# 18650s minimum voltage



## okashira (Mar 1, 2015)

Why? 
Just buy some of the neptune loggers if that's waht you want.


----------



## GoElectric (Nov 15, 2015)

Mmmmmm, what R they?

(I looked)


----------



## okashira (Mar 1, 2015)

http://www.speedict.com/


----------



## GoElectric (Nov 15, 2015)

Hi John, 

Mmmmmmm. Wow. Wireless. So simple. Awesome. And the price is only $90??!!

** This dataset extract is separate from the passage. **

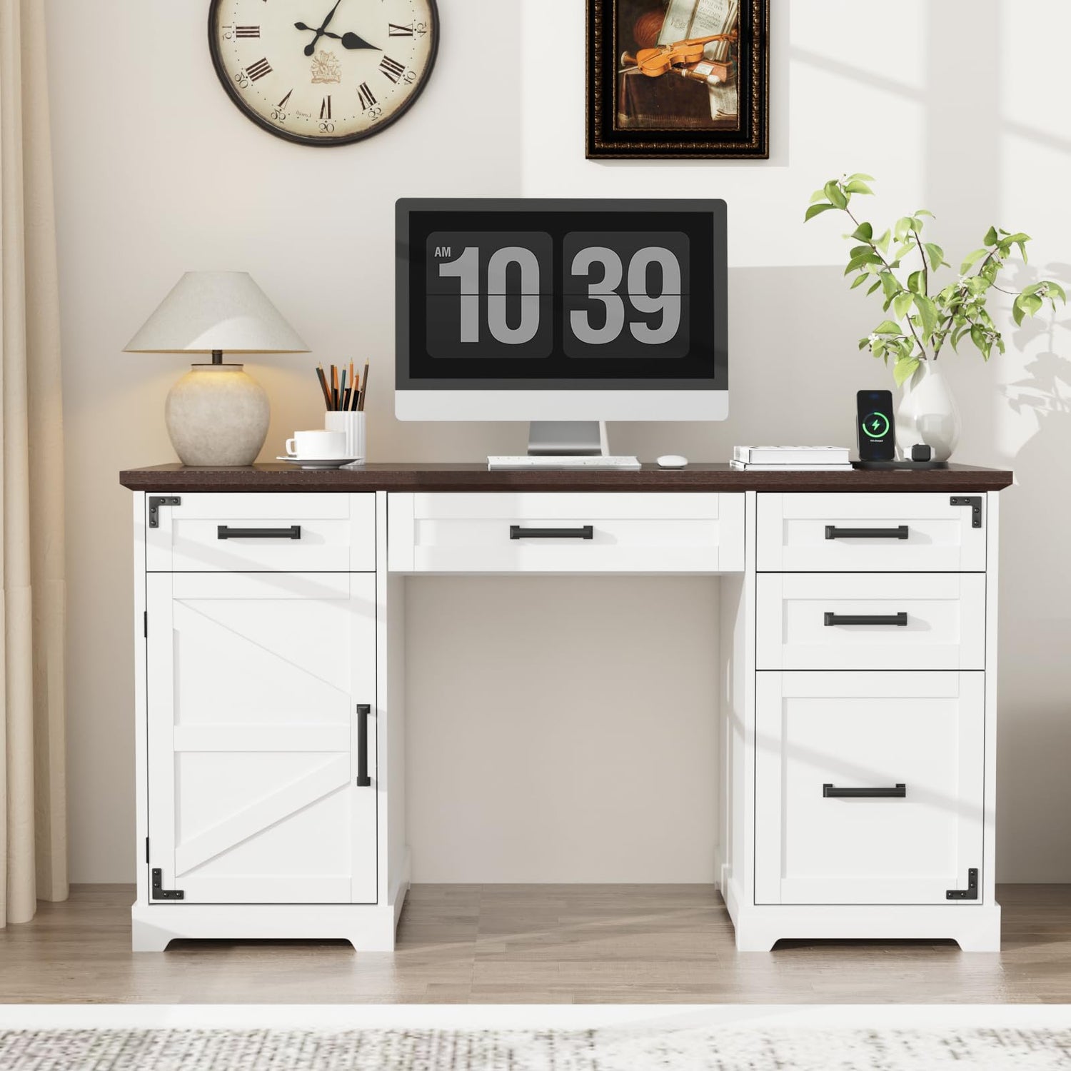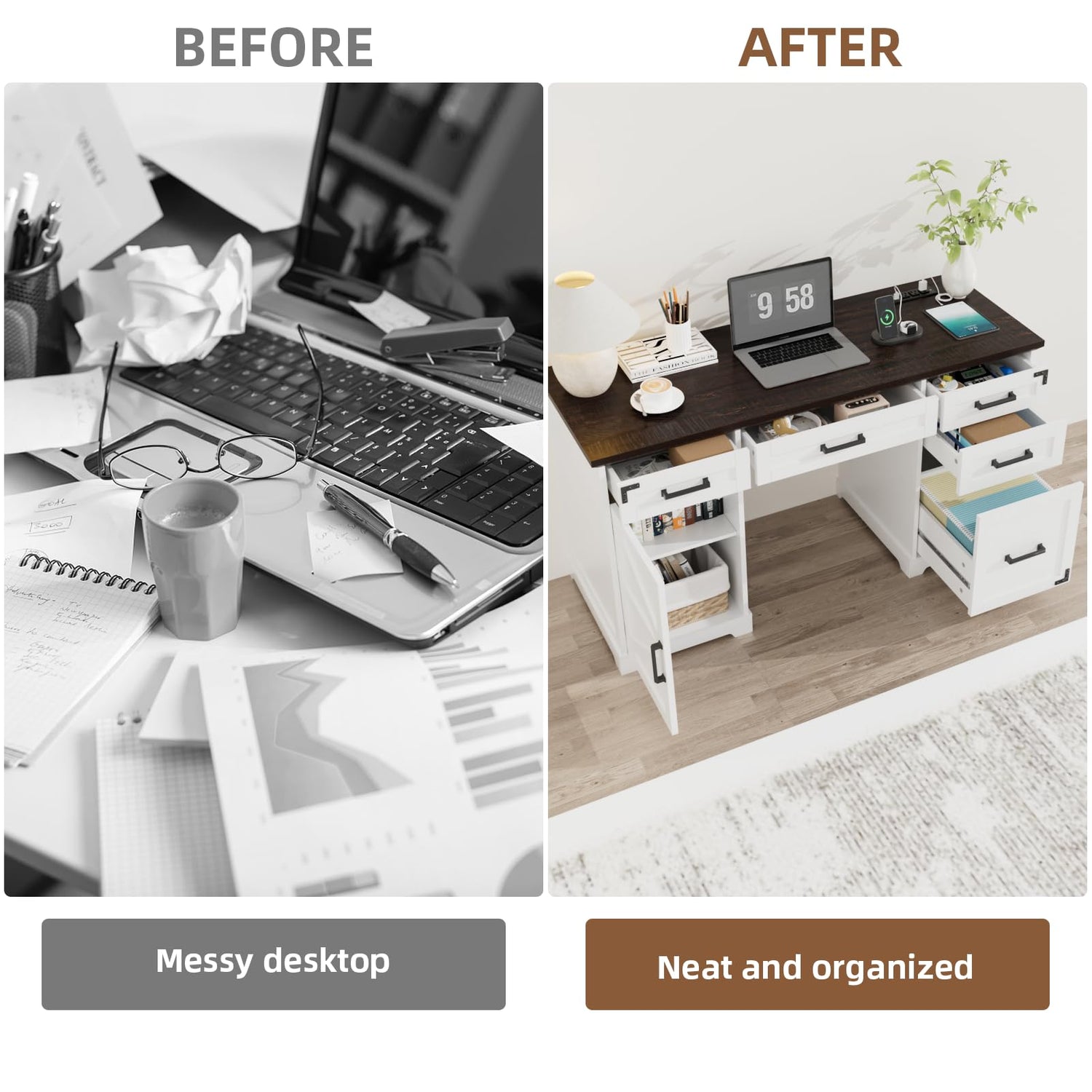 - 【Farmhouse Aesthetic Appearance】: Design of the embossed wood grain texture gives the desk with file drawer a solemn look, the exquisite metal patch decoration provides unique details. Blend of farmhouse and modern style complements any decorative style

I do see a couple of problems though (emailed them). How to monitor more than 15 74P cells? And are there alarms? My cells won't all be in the same place. Don't have an android phone either.

Regardless, I'm still not sure what voltages to use. 

Anybody have any suggestions (with reasons)?

Jim


----------



## okashira (Mar 1, 2015)

Just buy 1 per two modules?

Anyway, why not just buy a ZEVA BMS??
We get a small discount and can program it for you


----------



## Moltenmetal (Mar 20, 2014)

MiniBMS has the right voltages for nmc cells and is $12.50 per board, with a $45 headboard to replace your PLC. Isolated, low current draw on each cell, open source and very well tested. Why reinvent the wheel?


----------



## Karter2 (Nov 17, 2011)

Most Lico/Lipo, ICR,NMC, etc 18650's seem to have a manufacturers min voltage of 2.5 v or there abouts......but if you look at the discharge data, there is very little capacity left below 3.0 volts .....so you wont gain much range by hanging on down that low.
BUT.. You will miss out on significant capacity if you do not fully charge to 4.2 v !


----------



## riba2233 (Apr 29, 2015)

Moltenmetal said:


> MiniBMS has the right voltages for nmc cells and is $12.50 per board, with a $45 headboard to replace your PLC. Isolated, low current draw on each cell, open source and very well tested. Why reinvent the wheel?


It may have started as open source, but it's not anymore. And it's still expensive, I have 42 cells, so with added VAT and shipping it's close to 800 USD for the set.


----------



## riba2233 (Apr 29, 2015)

Karter2 said:


> Most Lico/Lipo, ICR,NMC, etc 18650's seem to have a manufacturers min voltage of 2.5 v or there abouts......but if you look at the discharge data, there is very little capacity left below 3.0 volts .....so you wont gain much range by hanging on down that low.
> BUT.. You will miss out on significant capacity if you do not fully charge to 4.2 v !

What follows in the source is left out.